By default, the run ID is the trial ID, the run name is the trial name, and the run group is the experiment name. These settings can be overwritten by passing the respective arguments as kwargs, which will be passed to wandb.init().

In distributed training with Ray Train, only the zero-rank worker will initialize wandb. All other workers will return a disabled run object, so that logging is not duplicated in a distributed run. This can be disabled by passing rank_zero_only=False, which will then initialize wandb in every training worker.

The config argument will be passed to Weights and Biases and will be logged as the run configuration.

If no API key or key file are passed, wandb will try to authenticate using locally stored credentials, created for instance by running wandb login.
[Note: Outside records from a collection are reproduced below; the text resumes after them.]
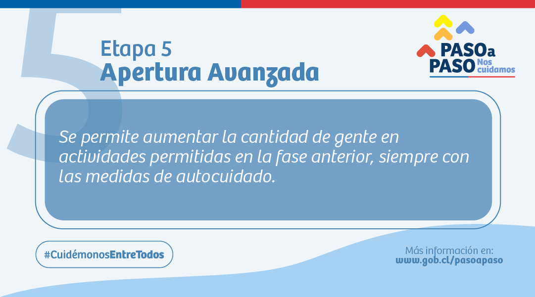 El Plan consta de cinco etapas 1) cuarentena, 2) transición, 3) preparación, 4) apertura inicial y 5) apertura avanzada En el caso de La Araucanía, la Región se encuentra en fase tres, es decir, en preparación para un eventual desconfinamiento (paso 4) como en estos momentos ocurre en la región de Los Ríos y Aysén. El Plan Paso a Paso cambiará sus reglas a partir del jueves, a las 0500 horasLas cuarentenas ahora tendrán un máximo de duración de cuatro semanas, y habrá restricciones de Permisos Únicos Colectivos El Gobierno endureció medidas frente al aumento de los contagios de Covid19 Así, de 18 comunas con habitantes se pasará a 42, con residentes, en cuarentena a. Este mediodía (15 de febrero), el Ministerio de Salud dio a conocer las modificaciones por comuna en el plan Paso a Paso En dicho contexto, la capital chilena de Tierra del Fuego, Porvenir avanza a Fase 3 Con la nueva disposicion, a contar del próximo jueves, desde las 5 de la madrugada, los porvenireños podrán salir todos los días de la semana, pero no a una comuna en cuarentena Deben.
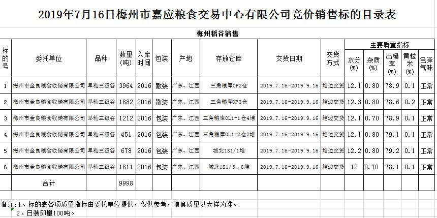 2019年7月16日梅州市金良糧食收儲有限公司稻谷銷售
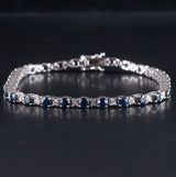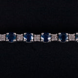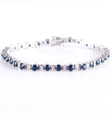 Effy 14k White Gold Round Sapphire Diamond Tennis Bracelet W/ Box 4.96ctw 10.5g

Keyword arguments passed to setup_wandb() will be passed to wandb.init() and take precedence over any potential default settings.

Parameters:

config – Configuration dict to be logged to Weights and Biases. Can contain arguments for wandb.init() as well as authentication information.
api_key – API key to use for authentication with Weights and Biases.
api_key_file – File pointing to API key for with Weights and Biases.
rank_zero_only – If True, will return an initialized session only for the rank 0 worker in distributed training. If False, will initialize a session for all workers.
kwargs – Passed to wandb.init().

Example

from ray.air.integrations.wandb import setup_wandb

def training_loop(config):
    wandb = setup_wandb(config)
    # ...
    wandb.log({"loss": 0.123})

PublicAPI (alpha): This API is in alpha and may change before becoming stable.